Last week saw the federal government place sanctions on four more Venezuelan officials alleged to be connected with the corruption and human rights abuses taking place in and around the regime of disputed President Nicolas Maduro.
On Monday the U.S. Department of the Treasury's Office of Foreign Assets Control (OFAC) designated four governors of Venezuelan states on allegations that they not only participated in significant amounts of corruption, but also were instrumental in blocking foreign aid sent in an effort at alleviating the ongoing humanitarian crisis in the country.
According to OFAC, one governor presides over a border state that is rife with deeply-entrenched organized crime. The state government is allegedly infested with narcotics trafficking and murder-for-hire plots, including the border police. Highly complex and efficient organized crime operations function openly and notoriously in the state, while the governor allegedly threatens potential opponents with "visits" should they allow access to foreign humanitarian aid.

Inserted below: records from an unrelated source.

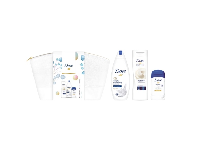 Setul Dove Original Trio + geanta pentru cosmetice contine: gel de dus, 250ml + lapte de corp, 250ml + antiperspirant stick, 40ml + geanta pentru cosmetice (cadou)
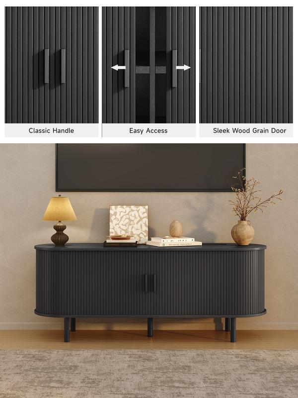 The ComfyCorner TV stand blends mid-century modern design with practical functionality. Featuring fluted details and a built-in power outlet, this 70.8-inch media console accommodates up to 80-inch TVs while providing organized storage through 8 versatile spaces including drawers and hidden compartments. With adjustable leveling feet and anti-tip hardware, it ensures stability on uneven floors while serving equally well as an entertainment center or entryway cabinet.
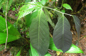 Description: Recent molecular phylogenies have shown Polygalaceae to be the sister group (i.e., the most closely related extant group) to the Fabaceae (Stevens 2005). Polygalaceae have simple, alternate, entire leaves, often with a pair of tiny glands at the petiole base. There are only three species of Polygalaceae at La Selva, but I have decided to include the family because it contains the most abundant liana species here. The three species are fairly easy to distinguish:

The four designated governors all share an intense devotion to Maduro as well, according to OFAC. They say one governor promised to secede and become an independent country should a new government come to power, while another has mobilized the state's police and army to crack down on protesters against the current regime.
As with all such designated individuals, the four men designated in this action are now legally forbidden from exercising ownership rights over property situated in the jurisdiction of the United States. In addition, American citizens are prohibited from conducting business with those under designation by OFAC.